Arbitrary RDF graphs don’t need a :dataset pmdcat:datasetContents :contents
or :graph a pmdcat:GraphDatasetContents
triple. Instead it’s sufficient to provide :dataset pmdcat:graph :graph
.
If a pmdcat:datasetContents
is specified there may be only one contents and it must be one of this supported types.
3.4.1. Self-reference
It’s also possible to use one resource that is the the dataset and contents:
eg : self-referencing-dataset a pmdcat : Dataset , pmdcat : DataCube , qb : Dataset ; pmdcat : datasetContents eg : self-referencing-dataset .

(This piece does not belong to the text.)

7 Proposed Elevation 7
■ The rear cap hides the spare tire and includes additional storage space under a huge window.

This simpler form will not be appropriate if you’re re-publishing an existing RDF dataset which includes metadata (e.g. dcterms:modified
) that you don’t want to present in the catalog.
4. Data Cube
Statistics are the most common type of data published with PMD. We adopt the RDF Data Cube standard [VOCAB-DATA-CUBE].
We use most of the classes as per the spec: qb:DataSet
, qb:DataStructureDefinition
, qb:ComponentSpecification
, qb:ComponentProperty
(i.e. qb:DimensionProperty
, qb:AttributeProperty
, qb:MeasureProperty
), qb:CodedProperty
and of course qb:Observation
.
We provide a variation to the integrity constraints declared in the vocabulary. In general these are designed follow the intent of the original but offer conveniences to:
-
identify violations (i.e.
SELECT ?example
) rather than simply detecting them (i.e.ASK
) -
split some conditions so that distinct causes may be distinguished
-
obviate the need for reasoning by specifying entailments with query patterns.

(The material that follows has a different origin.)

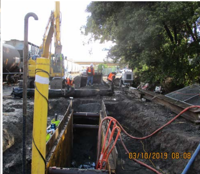
18 inch water main East side UPRR track

In the case of IC-15, however, we adopt a different model. The specification requires that all observations provide a measure value. We permit that a data marker may instead be provided in place of a value as explained below. We also extend IC-16 to prevent multiple values for any given measure.
Furthermore we introduce some additional requirements. Dimensions must be labelled. If they provide a qb:codeList
then it must be a scheme (i.e. an skos:ConceptScheme
containing skos:Concept
s); see the codelists section for more details.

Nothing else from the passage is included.